Designing for change: volatility-based decomposition

The Seccl system has been designed and built using an architectural approach called ‘volatility-based decomposition’. This guide explain how it works, how it compares to other commonly used methods, and why we’ve chosen it...

Designing for change: volatility-based decomposition


From day one, the Seccl system has been designed and built using an architectural approach called ‘volatility-based decomposition’.

It might be an architecture that you’re unfamiliar with – and don’t panic if so! Many of our engineering team joined the business having never heard of it, let alone experienced it first-hand.

That’s where this short intro could help. In it we’ll explain how it works, how it compares to other commonly used methods, and why we’ve chosen it…

A note from Dave, our founder

This approach was largely inspired by the work produced by iDesign, a global software consultancy that Dave (our founder) worked with before he launched Seccl.

Having followed more traditional software architectural practices in the past – such as functional and domain-based architecture (we’ll cover those in a moment) – the volatility-based approach seemed a more suitable alternative that would allow us to navigate the unpredictability of our sector.

After all, the investment industry is particularly prone to change, thanks to a regulatory environment that’s as changeable as it is stringent. Indeed, adapting to this change isn’t optional – it’s essential to every firm’s license to operate. In other words, technology providers in this space have to quickly adapt to survive.

When it comes to software, then, it’s important that it’s designed not just to meet whatever requirements exist at the time of building, but to withstand the inevitable changes that will come our way. And that’s where volatility-based decomposition can help…
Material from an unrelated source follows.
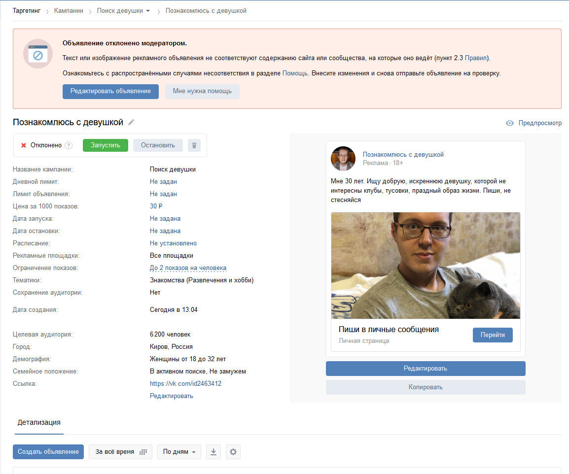 Сайты знакомств и приложения вроде Tinder, Badoo и подобных меня не привлекают, потому что в них нет возможности выбирать по понятным критериям, с кем бы ты хотел пообщаться. Как говорят IT-сфере: нет достаточных возможностей таргетинга и фильтрации целевой аудитории. Решил подойти к процессу знакомства нестандартно. А почему бы не разместить рекламу ВКонтакте с таргетингом на незамужних девушек моего города? Что ж настраиваю рекламное объявление, добавляю картинки и отправляю на модерацию. Однако здесь все начинают идти не по плану. Рекламное объявление было отклонено.

What is volatility-based decomposition?

Volatility-based decomposition – also known as the “iDesign method” – is a way of building solid architecture that will withstand the test of time. Put simply, it involves and anticipating change, rather than building technology to meet a set of static requirements.

While no one wants to believe that change will be dangerous or costly to their system, it’s pretty much a given in software engineering – particularly in our sector.

Volatility-based decomposition identifies these potential areas of change and packages them into services or building blocks, therefore limiting any damage caused by the change itself.

Diagram showing 9 safes, the middle safe is red

Showing it in action…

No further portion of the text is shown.